Charles Lieber, a pioneer in the minute world of nanotechnology, has won a world-size award. The Mark Hyman Jr. Professor of Chemistry was presented with the 2003 World Technology Award for Materials on June 25 in San Francisco.

“The World Technology Awards program was created to recognize truly extraordinary innovation on a global scale, the sort of work that could be described as creating our collective future and changing the world,” noted James P. Clark, founder and chairman of the London-based World Technology Network.

Lieber is a pioneer in nanotechnology, a relatively new field in which atoms and molecules are nudged together to create wires and other devices with promising utility in fields from new types of computers and electronics to disease detection and drug delivery. Such devices are too small to be seen without powerful microscopes.

“I am delighted to have been chosen to receive the award,” Lieber said. “It is a great honor to have the research of my group, which has focused broadly on the growth, fundamental properties, assembly, and application of nanowires, recognized as innovative and high-impact in this rapidly growing field.”

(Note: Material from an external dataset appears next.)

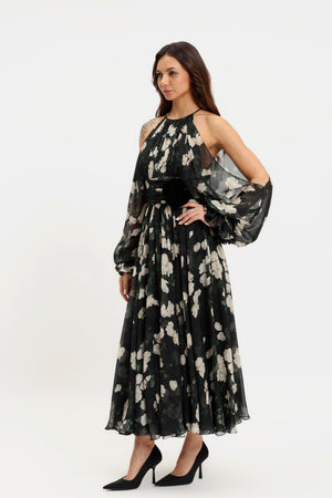 • Chiffon halter neck cold shoulder pouf sleeves midi dress with velvet rose on the waist.

Two other Harvard professors were nominated for 2003 World Technology Awards. School of Public Health Professor Norman Daniels was named a finalist in the ethics category, and Calestous Juma, professor of the Practice of International Development at the Kennedy School of Government, was nominated for the policy award. The World Technology Awards honor individuals and corporations from 20 technology-related sectors selected by their peers as being innovators of the greatest likely long-term significance. Award categories range from biotechnology to entertainment.